The situation is particularly difficult for smaller companies with fewer resources, says John Bishop, a partner at PwC, and it adds a layer of complexity to the audit as well. “You would think this is a pretty benign area, but it is loaded with complexities,” he says. “To comply with the exceptions requires detailed contract reviews, and the contracts can be complicated to read. They are loaded with legalese.”

The current rules on debt classification have been “cobbled together” going back as far as 50 years, says Scoles. As financial products became more complex and entities developed different ways of interpreting the rules to specific fact patterns, guidance became more specific in response. “That has led to situations where you can end up with some very similar facts and circumstances that end up with different classifications,” he says. “And it’s all based on a bunch of rules.”

As GAAP became more specific to those facts and circumstances, the markets responded with “transaction engineering” meant to achieve a desired accounting result, says Chris Wright, a managing director with Protiviti. “The form and content of deals has been subject to change so the accounting requirements can be met,” he says.

Bishop says he’s not sure all companies would cheer the elimination of detailed prescriptive guidance that enables them to achieve particular outcomes. “If we started with simply following the contractual terms, that would take a lot of complexities out, but it’s not clear that constituents would like that,” he says. “Being able to report certain short-term loans as non-current is a welcome thing, so it’s not clear to me that it would be embraced to remove those exceptions.”

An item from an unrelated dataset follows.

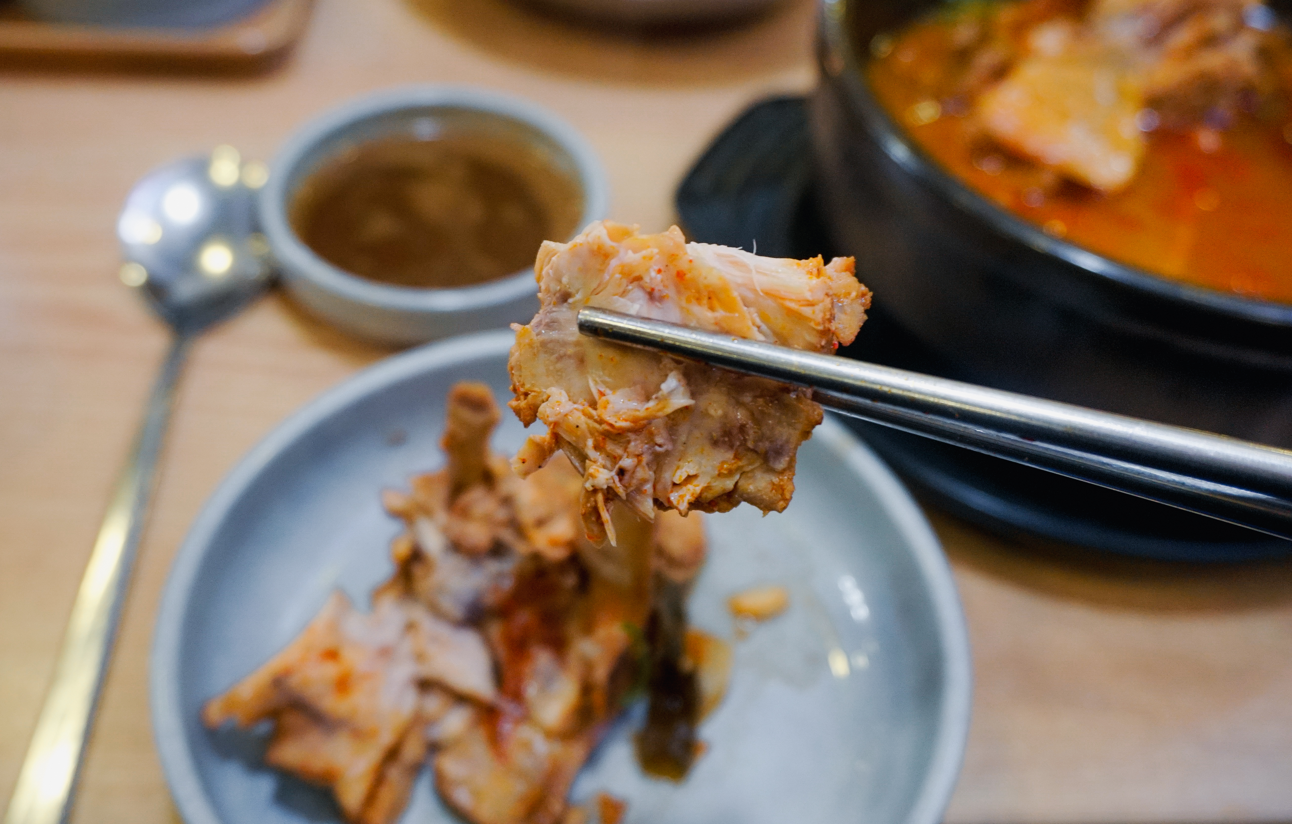 뼈해장국과 섞박지, 배추김치, 마늘장아찌 등이 나왔습니다. 이천 대한민국 1등감자탕의 뼈해장국은 고기가 좀 퍽퍽한 느낌이 있었는데, 솔직히 이천 대한민국1등감자탕의 뼈해장국은 제 입맛에 잘 맞지는 않더라고요.

Ultimately, time will tell whether simplification in debt classification or any other area of GAAP is well received in the markets, says Wright. “How long will simplification survive in the face of issuer questions about how to apply the standard?” he says. “It should be well received in theory, but it depends on how it operates in practice.”

FASB also has indicated it plans to look at whether it can simplify the accounting for debt issuance costs, although it is a separate issue from debt classification, says Gilbert. GAAP calls for fees paid to the lender vs. a third party in issuing a loan to be accounted for differently, leading to different presentation and treatment on the balance sheet. FASB says its plan is to better align the treatment of those costs.